Thirdly the airlines are at fault for cramming so many seats into cabin class and yet still having recline-able seats allowing people...and lets' not forget they are there _to be_ reclined... to invade someone's space behind  during an ultimately already cramped uncomfortable flight.

I have to admit I do recline the seat..I have to, I have a back problem which means I cannot sit upright and rigid for several hours, so I have to recline the seat for part of the flight..but I wait until everyone's had their food and drinks, and then gently recline the seat back so I'm not in agony the whole flight!! 

I do get a little tired of listening to people moaning about reclining seats, when that's what they're there for...if they weren't meant to be reclined they would have the a gadget that prevents it. When all is said and done..the airlines are at fault for leaving such little room between the rows of seating...and if passengers were just a little more respectful to the person behind them if they Have to recline their seats, then this airline seat rage might not be so endemic..!!


----------



## jujube (Oct 19, 2015)

hollydolly said:


> Firstly the woman was in the wrong by reclining the seat while the plane was taking off, everyone knows you have to have the seat upright and the trays stowed and seatbelts buckled on take-off and landing . Secondly the man should have just called for cabin crew and asked them to have a word about the reclining seat..getting into a brawl where he ultimately physically attacked her was totally unacceptable, and it must have happened really fast before anyone could prevent it.
> 
> Thirdly the airlines are at fault for cramming so many seats into cabin class and yet still having recline-able seats allowing people...and lets' not forget they are there _to be_ reclined... to invade someone's space behind  during an ultimately already cramped uncomfortable flight.
> 
> ...



Actually, there is a device to prevent the seat ahead of you from reclining.  It's called the Knee Defender and the airlines quickly banned the use of them.  They just caused more fights.  I hate being behind someone who reclines the whole flight, but it's just something I have to put up with.  That person has the right to recline, just like I have the right to recline.  I don't, except on a red-eye.  It's not comfortable to sit upright all the way but I find if I jam a pillow against the small of my back, I can survive.  All I can hope for is that the person doesn't SLAM the seat back and smash my knees or something.  The worst part is trying to get something off the floor when you can't bend forward because someone is literally laying in your lap - lol.   One time, during the food service (yep, that's how long ago it was), the young woman ahead of me slammed her seat back and flipped her long hair over the back of the seat.  It was almost long enough to touch my food.  I'm not proud of this....but somehow, somehow, she got mustard in her hair.   I reclined once because there was a small child behind me and I thought it would be OK.  I settled down for a nap and all of a sudden the child launched himself over the back of the seat and grabbed my hair with both hands.  I'm struggling to get loose, he's hanging on for dear life.  Tiny terrorist.  

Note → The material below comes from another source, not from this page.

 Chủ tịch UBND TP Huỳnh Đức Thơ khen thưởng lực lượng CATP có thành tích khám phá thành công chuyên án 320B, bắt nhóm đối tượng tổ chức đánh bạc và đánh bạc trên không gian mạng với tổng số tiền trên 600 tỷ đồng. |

I hate flying.  Really hate it, but when I fly out to Seattle or out of the country, I don't have much choice.  Anything less, I'll drive.


----------



## Butterfly (Oct 19, 2015)

I considered homicide once when a child kicked the back of my seat the entire way from Baltimore to Denver.


----------



## jujube (Oct 19, 2015)

I think the entire plane considered homicide when a child threw a full-scale tantrum THE ENTIRE FIVE HOURS of a flight I was on.  Not just crying, not just grizzling and whining.....a full scale kicking and flailing tantrum.  Every now and then, the father would pick up the child and walk him up and down the aisle, so that everyone could enjoy the full effect of it and maybe get kicked.  I truly believe that nowdays, they would land somewhere and deplane the family.

Did I mention earlier how much I hate to fly?


----------



## Ameriscot (Oct 20, 2015)

All our trips require a plane or 2 or 3. It's a means to get where I want to go. I make the best of it and we try to book the best seats when we buy the tickets.


----------



## Hanfonius (Oct 20, 2015)

One little trick I was taught..

If the person in front goes into full-seat recline,  just read your newspaper.

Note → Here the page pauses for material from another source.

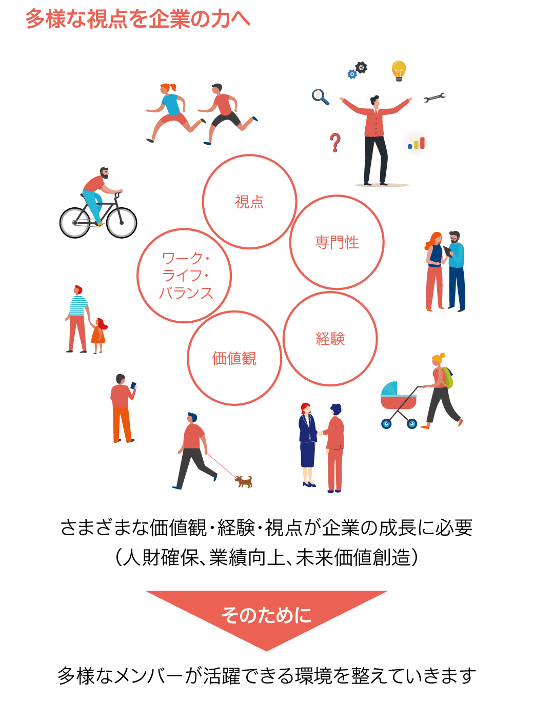 経験や知識・視点や価値観の異なる従業員が集い、それぞれの“個”や“違い”が受容されるダイバーシティ&インクルージョンの社内環境を構築することで、“知”と“アイデア”をふくらませ、社会の変化がもたらすリスクを抑制しつつ、新たな社会価値の創出につなげることができる、力強い経営組織を創り上げていきます。

Read all of the small bits - and shift your newspaper around,  gently tickling the back of their head......
.... Ooooh,  there's a bit down there you haven't read - move the newspaper up a bit.   Oooh,  there's another bit over there - move your newspaper to the right....


----------



## oldman (Oct 20, 2015)

WOW! I didn't realize that seats reclined so much. On United, unless you are sitting in Business or First Class, seats in coach only recline a maximum of three inches, or what the company calls "limited recline." In the airline's magazine, which is located in the seat pocket in front of each seat and named "Hemispheres", in the back of the book, it asks passengers to recline seats slowly. If I am sitting in my seat with my tray table down and a cup of hot coffee on it, I really would not care to wear it by some jerk in front of me slamming his seat to recline. 

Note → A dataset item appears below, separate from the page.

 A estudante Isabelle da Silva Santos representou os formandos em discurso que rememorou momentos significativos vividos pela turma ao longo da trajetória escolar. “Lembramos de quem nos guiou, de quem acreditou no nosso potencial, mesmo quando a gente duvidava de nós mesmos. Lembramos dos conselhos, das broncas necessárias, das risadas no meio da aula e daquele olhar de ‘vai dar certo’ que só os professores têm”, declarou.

Over my 34 years as a pilot, there have been many issues over seats, which the flight attendants do a very good job of dealing with. And, BTW, if this fellow that did the choking was going to be charged or considered a danger to other passengers, the Captain probably would have made an emergency landing at the nearest available airport capable of handling his airplane's landing requirements. It is also likely that the passenger would have been charged for all expenses incurred for the emergency landing, which would be in the thousands of dollars.


----------



## Ameriscot (Oct 20, 2015)

Hanfonius said:


> One little trick I was taught..
> 
> If the person in front goes into full-seat recline,  just read your newspaper.
> 
> ...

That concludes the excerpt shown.